▶ About this exercise:
Once the line holding "Женские брюки свободного" is found in the entries below, transcribe exactly every line up to and including the one holding "Phong độ gần", but leave out the pictures.

▶ Data provided:
·····

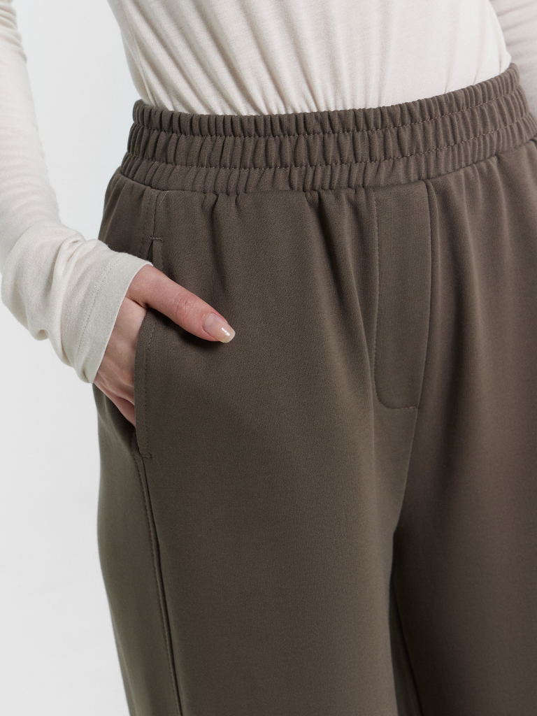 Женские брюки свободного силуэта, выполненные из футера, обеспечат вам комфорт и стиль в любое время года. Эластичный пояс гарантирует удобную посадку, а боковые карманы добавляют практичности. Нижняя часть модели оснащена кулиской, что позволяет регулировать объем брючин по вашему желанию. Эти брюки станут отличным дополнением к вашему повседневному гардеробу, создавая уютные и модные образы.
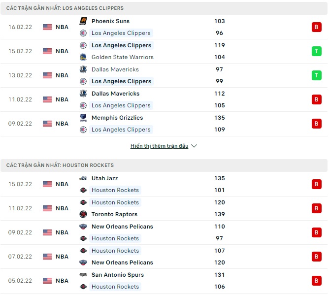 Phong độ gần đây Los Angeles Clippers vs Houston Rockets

·····

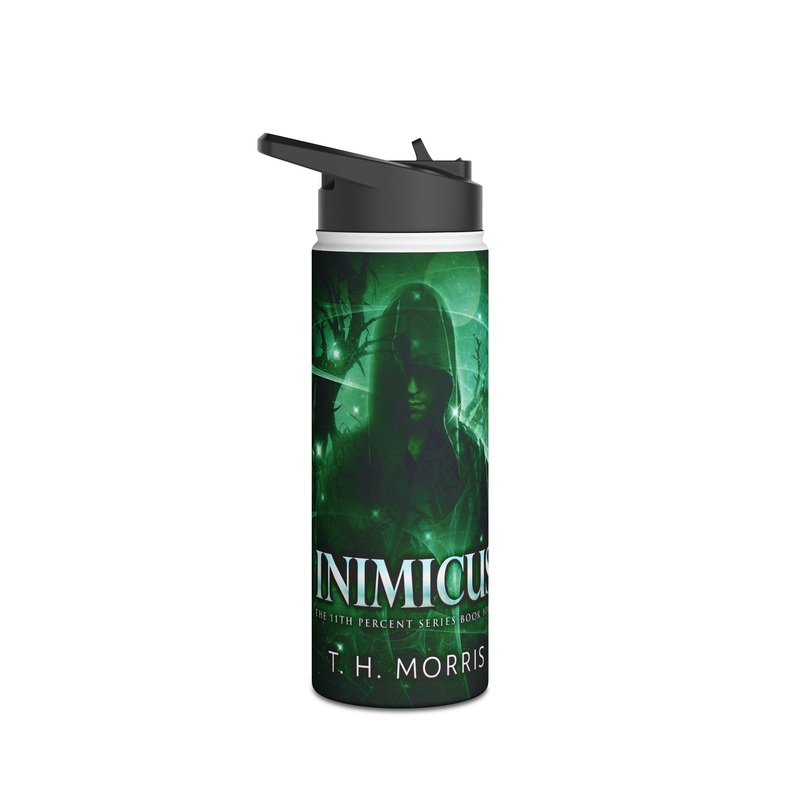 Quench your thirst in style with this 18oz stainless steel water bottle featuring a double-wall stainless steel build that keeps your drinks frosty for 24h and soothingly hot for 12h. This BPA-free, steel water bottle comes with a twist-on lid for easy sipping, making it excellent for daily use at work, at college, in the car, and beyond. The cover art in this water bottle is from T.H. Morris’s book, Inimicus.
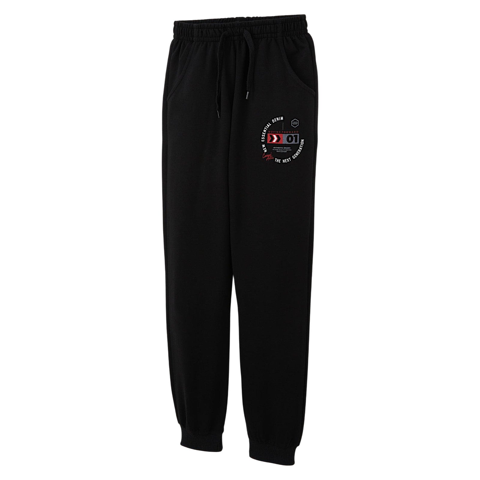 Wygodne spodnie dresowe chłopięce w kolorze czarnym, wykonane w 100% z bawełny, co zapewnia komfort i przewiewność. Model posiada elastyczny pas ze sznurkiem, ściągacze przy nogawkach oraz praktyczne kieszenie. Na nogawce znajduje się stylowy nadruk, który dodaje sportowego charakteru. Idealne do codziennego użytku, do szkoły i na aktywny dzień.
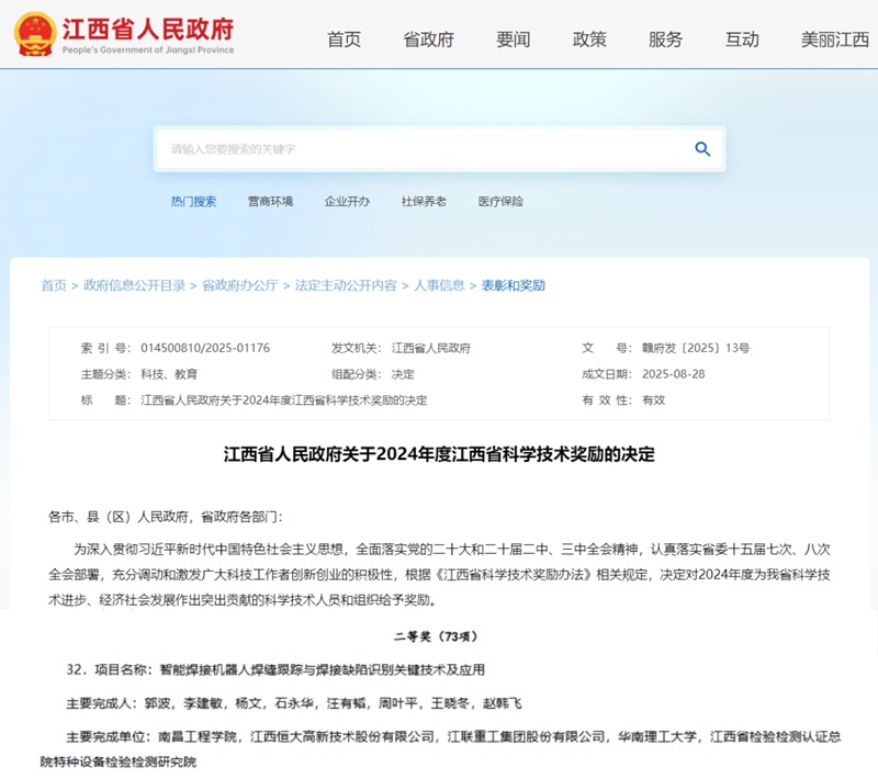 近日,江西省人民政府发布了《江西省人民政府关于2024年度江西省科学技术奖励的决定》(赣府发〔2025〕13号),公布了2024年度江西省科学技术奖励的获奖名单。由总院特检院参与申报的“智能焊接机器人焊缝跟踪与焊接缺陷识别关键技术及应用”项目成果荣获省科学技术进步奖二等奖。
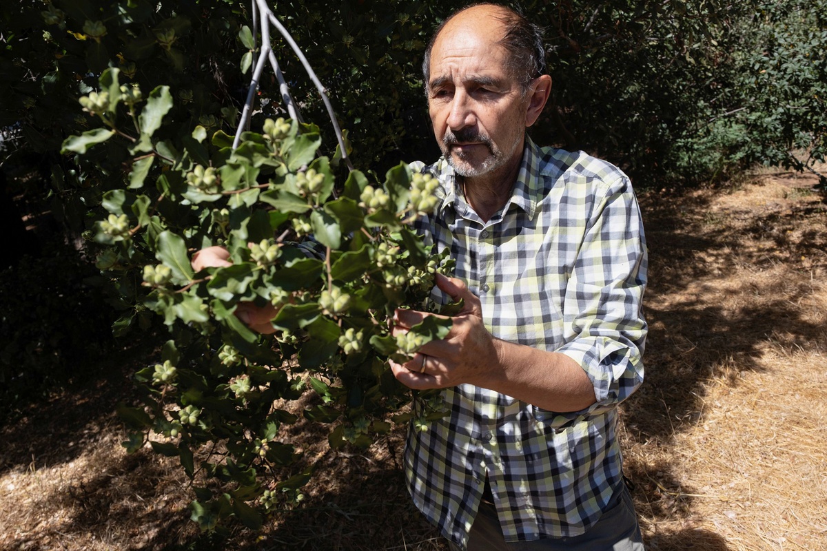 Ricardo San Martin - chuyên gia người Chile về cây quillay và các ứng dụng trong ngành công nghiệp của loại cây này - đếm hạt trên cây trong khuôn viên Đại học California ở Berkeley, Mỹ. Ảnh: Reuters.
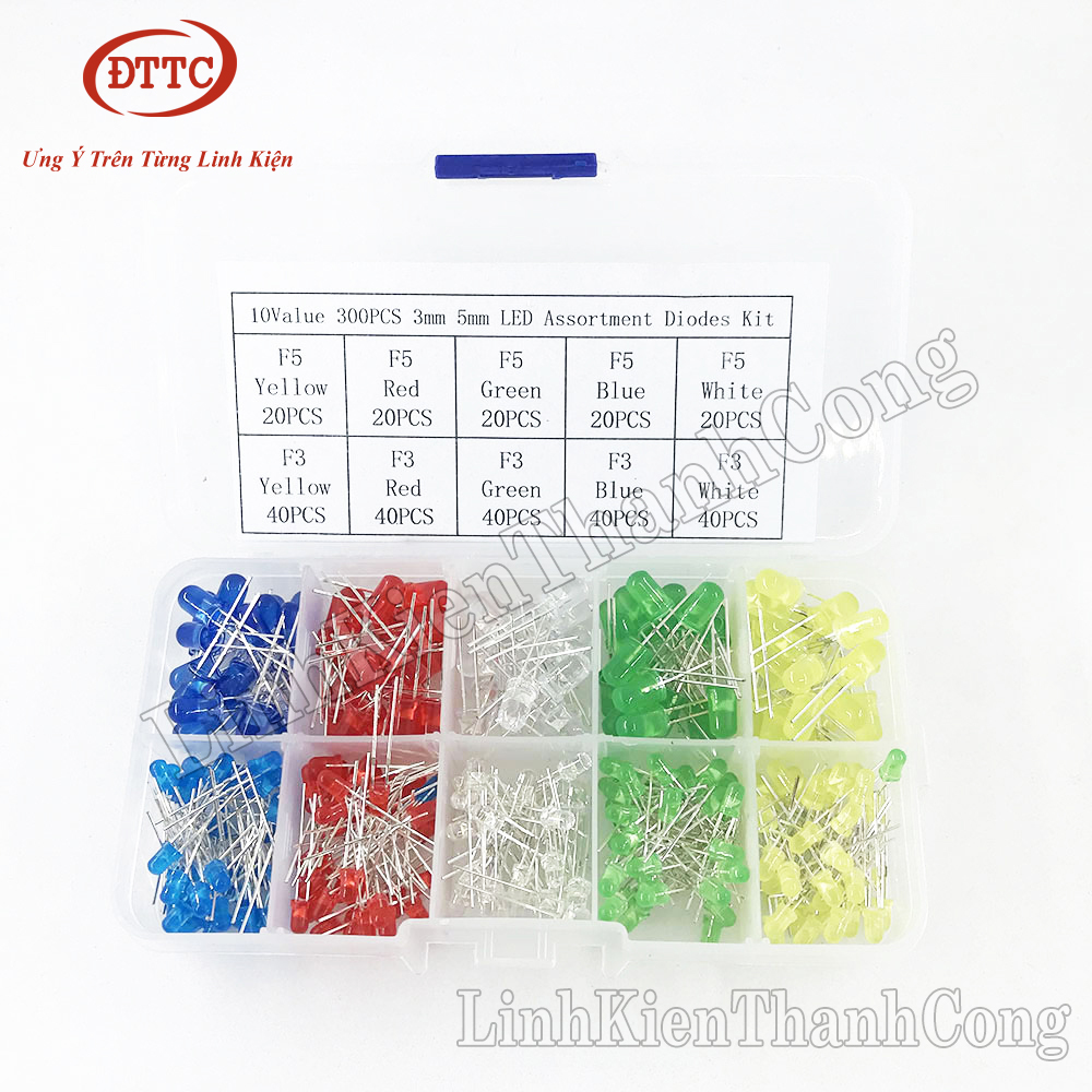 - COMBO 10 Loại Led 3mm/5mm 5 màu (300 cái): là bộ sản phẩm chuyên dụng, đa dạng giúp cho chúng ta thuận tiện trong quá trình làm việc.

·····

▶ Answer section:
 Женские брюки свободного силуэта, выполненные из футера, обеспечат вам комфорт и стиль в любое время года. Эластичный пояс гарантирует удобную посадку, а боковые карманы добавляют практичности. Нижняя часть модели оснащена кулиской, что позволяет регулировать объем брючин по вашему желанию. Эти брюки станут отличным дополнением к вашему повседневному гардеробу, создавая уютные и модные образы.
 Phong độ gần đây Los Angeles Clippers vs Houston Rockets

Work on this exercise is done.